» THE TASK
Omitting all images, output the entries that follow exactly as written.

Segment Open

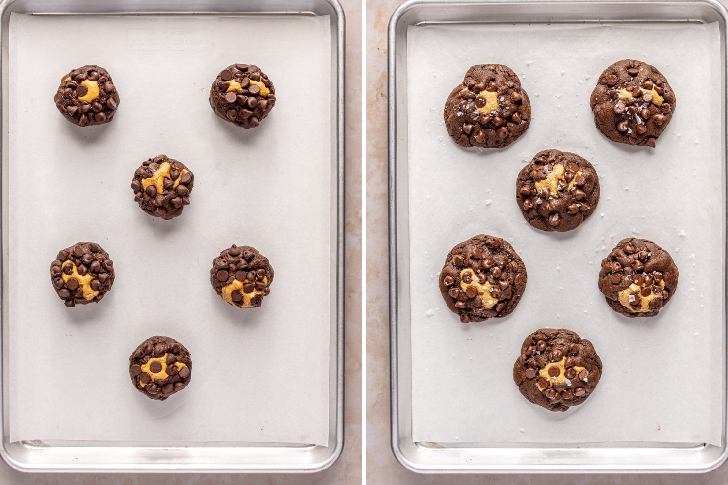 - Using a large spring-loaded scoop, drop 3-tablespoon balls of dough onto a parchment lined baking sheet. Flatten each ball of dough and place a peanut butter ball in the center. Cover in the dough, leaving some peanut butter peaking out. Flatten slightly. Dot generously (more than you think!) with additional chocolate chips.
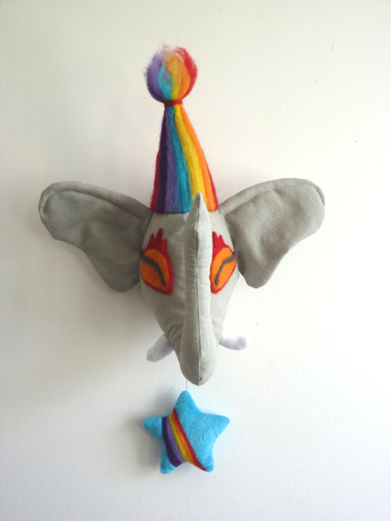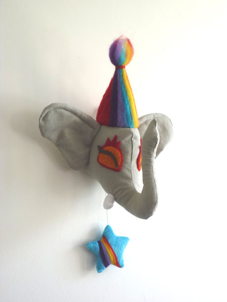 Décoration chambre murale trophée éléphant cirque étoile arc en ciel faite main l' Arche de Jessica
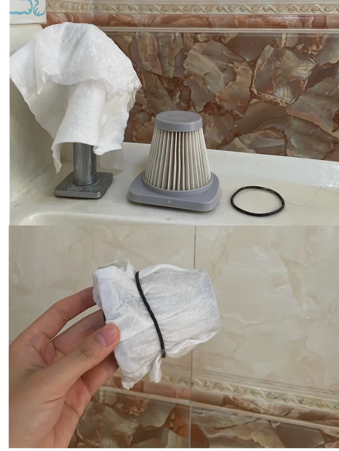 比如家里的吸尘器,我们可以拿出一个皮筋儿,把二次洗脸巾套在吸尘器滤网上,这样每次只要更换洗脸巾就可以了,
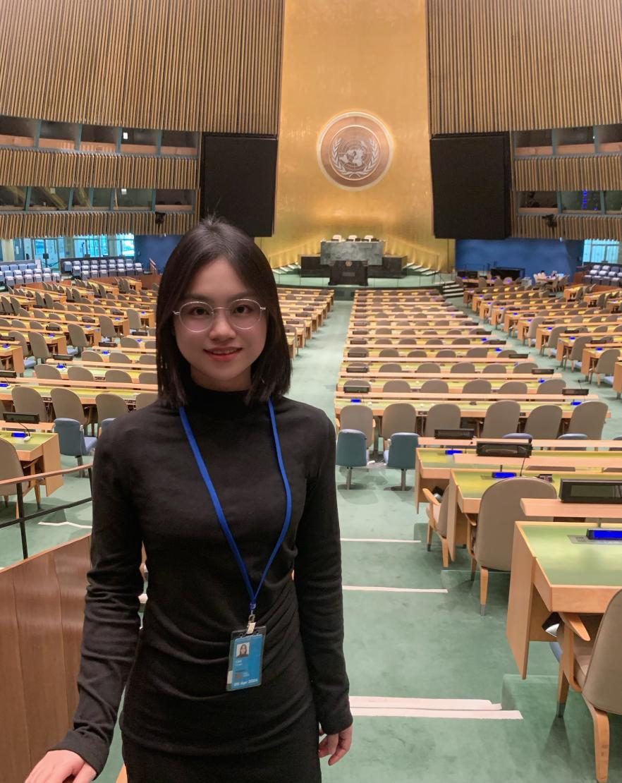 在新闻学院的中外新闻发言人与新闻发布实务这门课上,曹咏仪的期末作业是分析外交部发言人账号的高赞视频,她对耿爽大使卸任外交部发言人的告别视频印象最为深刻,发言中的最后一句话是“在此跟大家道别,我们后会有期”。曹咏仪从未想过,在联合国实习期间,她真的能与耿爽大使“后会有期”,并获得了一次与耿爽大使交流的宝贵机会。“本科生能来联合国实习不容易,希望以后还能够在大楼里见到你。”在交流的最后,耿爽大使亲切地勉励她,希望与她后会有期。这样一番话语使曹咏仪备受感动,也成了她职业发展的一大动力,让她更加坚定了自己日后将继续在联合国这个国际平台发光发热的愿望。
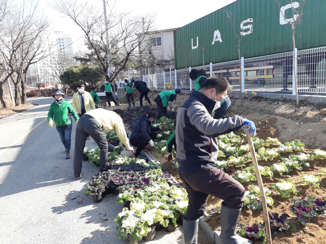 이번 무실마을 입구 연도 변 화단 조성사업에 참여한 지좌동 남·녀 새마을지도자협의회 20여명은 이른 아침부터 꽃배추 1200본을 식재하여 코로나19로 지친 지역 주민들에게 조금이나마 마음의 위로를 전했다.
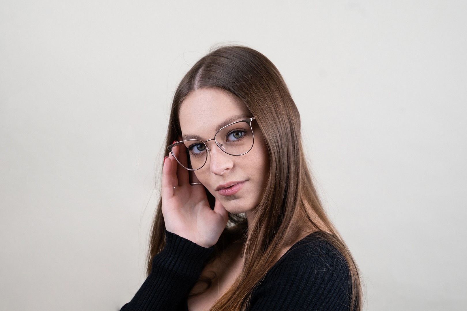 - Rožnata barva okvirjev se odlično ujema s hladnim tonom kože ter s svetlo rjavimi ali svetlo blond lasmi.

Segment Closed

» RESULT OF THIS TASK
 - Using a large spring-loaded scoop, drop 3-tablespoon balls of dough onto a parchment lined baking sheet. Flatten each ball of dough and place a peanut butter ball in the center. Cover in the dough, leaving some peanut butter peaking out. Flatten slightly. Dot generously (more than you think!) with additional chocolate chips.
 Décoration chambre murale trophée éléphant cirque étoile arc en ciel faite main l' Arche de Jessica
 比如家里的吸尘器,我们可以拿出一个皮筋儿,把二次洗脸巾套在吸尘器滤网上,这样每次只要更换洗脸巾就可以了,
 在新闻学院的中外新闻发言人与新闻发布实务这门课上,曹咏仪的期末作业是分析外交部发言人账号的高赞视频,她对耿爽大使卸任外交部发言人的告别视频印象最为深刻,发言中的最后一句话是“在此跟大家道别,我们后会有期”。曹咏仪从未想过,在联合国实习期间,她真的能与耿爽大使“后会有期”,并获得了一次与耿爽大使交流的宝贵机会。“本科生能来联合国实习不容易,希望以后还能够在大楼里见到你。”在交流的最后,耿爽大使亲切地勉励她,希望与她后会有期。这样一番话语使曹咏仪备受感动,也成了她职业发展的一大动力,让她更加坚定了自己日后将继续在联合国这个国际平台发光发热的愿望。
 이번 무실마을 입구 연도 변 화단 조성사업에 참여한 지좌동 남·녀 새마을지도자협의회 20여명은 이른 아침부터 꽃배추 1200본을 식재하여 코로나19로 지친 지역 주민들에게 조금이나마 마음의 위로를 전했다.
 - Rožnata barva okvirjev se odlično ujema s hladnim tonom kože ter s svetlo rjavimi ali svetlo blond lasmi.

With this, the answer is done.